The repository contains the implementation of a robust semantic segmentation method for autonomous driving perception using visual-infrared cameras. The proposed approach leverages the fusion of RGB and infrared images to achieve superior performance under challenging lighting conditions.
The MFnet dataset is used in this work, which comprises both RGB and IR image frames of real-world driving scenes, along with semantic segmentation annotations. This dataset provides a comprehensive benchmark for evaluating the performance of the proposed method.

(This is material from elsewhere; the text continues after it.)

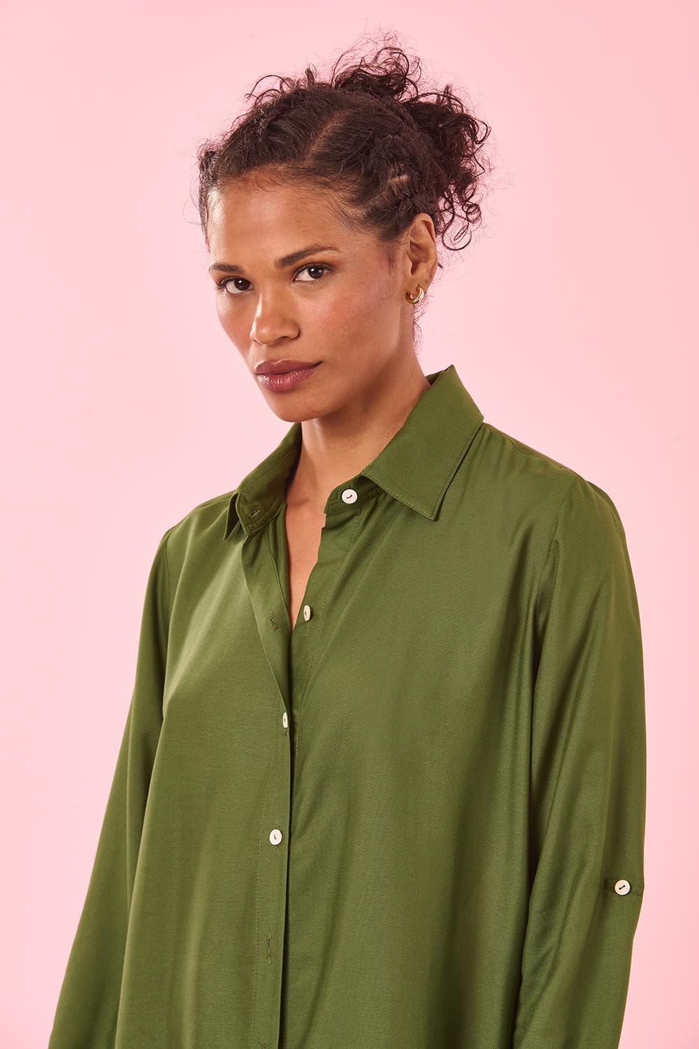 Vestido Chemise Manga Longa New Liso

- Create a virtual environment:
python -m venv venv
- Activate the virtual environment:
- For Windows:
.\venv\Scripts\activate
- For Unix or Linux:
source venv/bin/activate
- Install the required dependencies:
pip install -r requirements.txt
- Configuration Files:
- RGB:
RGB/segformer_mit-b2_4k_32_mfnet_focal.py
- IR:
configs/segformer/segformer_mit-b2_4k_32_mfnet_focal_ir.py
- Early Fusion:
configs/segformer/segformer_mit-b2_4k_32_mfnet_focal_rgbt.py
- ... (Provide details about the different configuration files and their purposes)
- Train the model:
python3 tools/train.py config_file --load-from pretrained_weight_file
- Test the model:
python3 tools/test.py config_file weight_file --eval mIoU
- Inference on test images:
python3 demo/all_test_image_demo.py config_file weight_file --outfile --type
The proposed RGB-IR fusion approach achieves state-of-the-art performance in terms of accuracy, speed, and robustness. The results demonstrate the potential of this method for real-time applications in autonomous driving scenarios.
This project is licensed under the MIT License.